While applauding the resolution, Ms. Tinker questioned Mr. Cohen’s motive. “I think an apology for the atrocities of slavery was long overdue,” she said in a statement. “But I find it very interesting that Mr. Cohen would call for a national apology during a heated election when he clearly needs African American votes. For over 20 years while serving in the Tennessee General Assembly, he never thought to ask the state of Tennessee for an apology, not once,” she said.

Previously, Congress has apologized and made reparation payments to Japanese Americans for interning them in concentration camps during World War II; apologized to indigenous Hawaiians for overthrowing their kingdom in 1893; and to Native Americans for atrocities against them that many charge border on genocide.

Rep. Barbara Lee (D-Calif.) also applauded the House action. “Before you can heal, you’ve got to say, ‘I’m sorry.’ That’s basic Psychology 101,” said Rep. Lee. “If you hurt somebody and don’t say, ‘I’m sorry,’ how can you move on?”

The inclusion of wording referring to Jim Crow was important, the measure’s supporters insist, because Congress stood by for decades as southern states created separate and very unequal societies by force of law, segregating schools, neighborhoods, hotels, eating establishments, water fountains, waiting rooms, even toilets.

Dr. Leary maintained the apology should be placed in a proper context. “This year marks the 200th year of the end of the slave trade, which was largely ignored by America, Americans, Blacks; everybody is just not tracking that, whereas other countries are at least paying lip service to the relevance of the end of the slave trade.So America is in deep trouble around the world.Everybody hates America, the American dollar is falling, for instance, the Ghanaian cedi is equal to the American dollar, or a little less than, but a few of years ago it was like $100 million to one,” she noted.

“We’ve got to be careful and look at the timing of this apology, number one.They’ve served to (Barack) Obama the question of reparations, with the intent of alienating either one or both communities, no matter what his response is,” she said.

Sen. Obama, the presumptive Democratic Party nominee for president, has said the best form of reparations would be jobs and access to education and downplayed any official apology. “Whether it’s Native American issues, whether it’s African American issues and reparations, the most important thing for the U.S. government to do is not just to offer words, but to offer deeds,” he said, in a July 27 appearance at the Unity journalists of color conference in Chicago.

Reparations is a realistic way to heal Black America and if others think it’s not, Blacks must ensure that it is seen as a viable tool, said Dr. Dyson, who was also in Chicago Aug. 2 for the Black Women’s Expo.

Dorothy Tillman, a former Chicago alderwoman and reparations advocate, said the U.S. government and corporations were complicit in slavery.
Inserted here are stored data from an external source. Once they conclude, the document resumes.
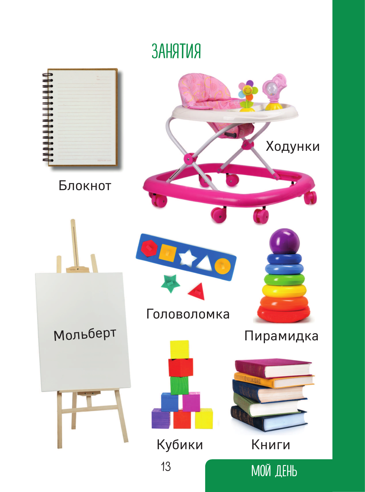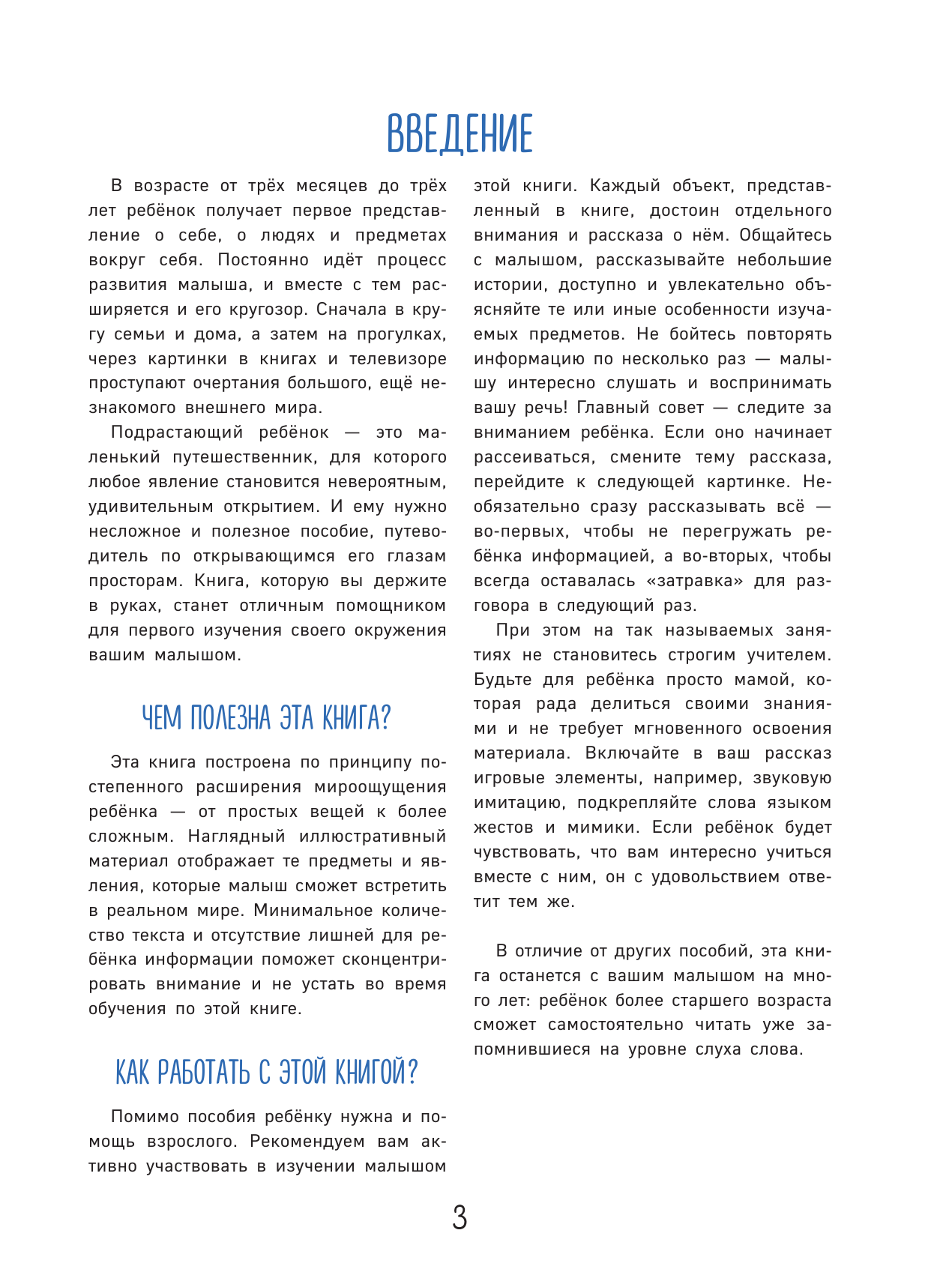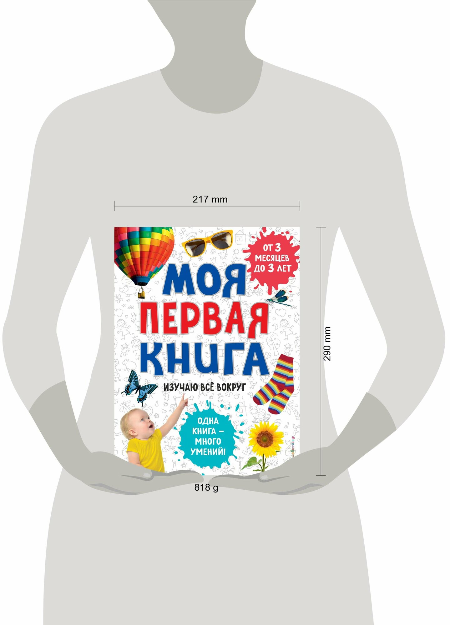 Эта книга – первый путеводитель малыша по окружающему миру. Она поможет родителям развить у малыша ассоциативное мышление, внимательность и умение воспринимать информацию с самого раннего возраста. Большое количество познавательного материала разделено по удобному принципу, который учитывает, что детский кругозор расширяется постепенно – от самого простого к сложному. Наглядные крупные картинки ребёнок сможет рассматривать уже с 3-месячного возраста, а став постарше, освоит по этой книге первые навыки самостоятельного чтения.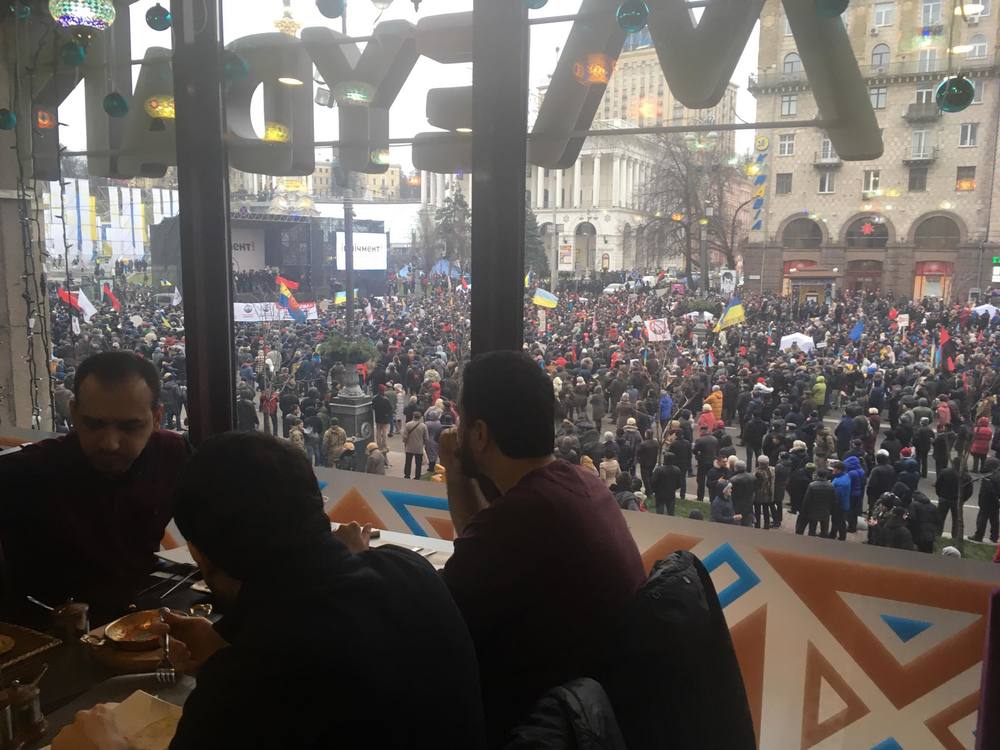 14:09  МихоМайдан из окна столичного ресторана. Столики у окна пользуются спросом - такое не каждый день увидишь. Фото "Страны".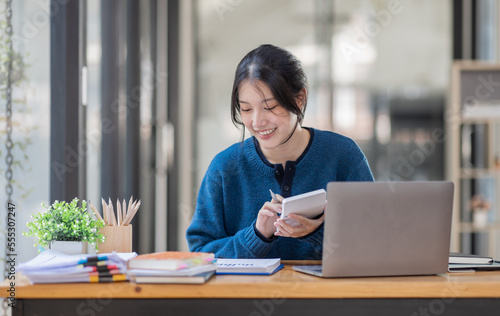 Business Asian woman Using laptop computer and working at office with calculator document on desk, doing planning analyzing the financial report, business plan investment, finance analysis concept.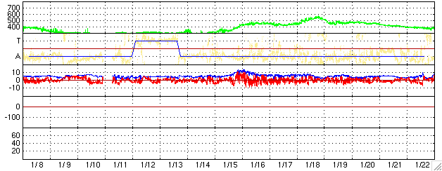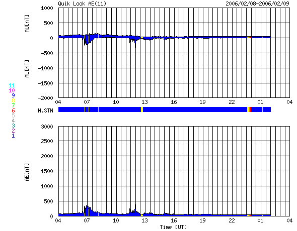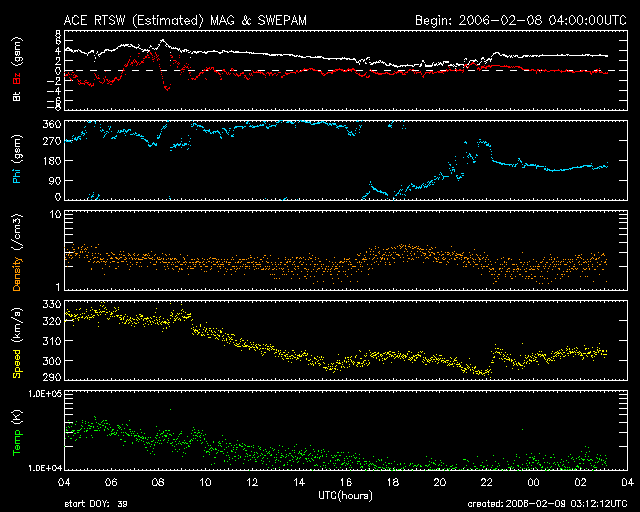 SOHO衛星のMDIカメラによる太陽黒点 (c) SOHO (ESA & NASA) ![]() GOES衛星の太陽X線データ (c) NOAA/SEC ![]() ACEが観測した太陽風の磁場(1番上の枠、白線は全体の強度、赤線は南北成分) および、太陽風の密度(3番目の橙線)、速度(4番目の黄線) (c) NOAA/SEC ![]() シベリアで観測された3日間の磁場データ 右側の3分の1が、昨日のデータになります。グラフが上がったり下がったりすると、オーロラ活動が活発化しています。 (c) NICT ![]() リアルタイムAE指数 下段のAEグラフの値が高くなると、オーロラ活動が活発化しています。 (c) 京都大学, NICT ![]() 27日の太陽周期に合わせたデータプロット (太陽風版) 太陽が同じ面を地球に向けていた27日前の変化から、今後を予想することができます。 (c) NICT

Both should be prepared to pay reparations to the descendents of enslaved Africans in America, she said in an interview, before an Aug. 2 panel discussion at the Black Women’s Expo in Chicago.

The apology shows recognition of the atrocities done to Blacks in America and the House should pass Rep. Conyers’ bill to study the impact of slavery on Blacks, she continued. The wealth of corporations like J.P. Morgan and Lehman Brothers came from slavery and the stock market evolved out of the slave trade, she noted. “They are enjoying the wealth built on our backs,” she said.

Reparations should be paid to rebuild Black neighborhoods, to build an economic base and offer things like free education and health care, Ms. Tillman said. “No one ever tells the Jews the Holocaust happened a long time ago and no one ever tells them to stop talking about it. Our holocaust was just as great or greater. We still suffer from post-trauma slavery syndrome that has never been addressed,” she said.

(Ashahed Muhammad and Charlene Muhammad contributed to this report.)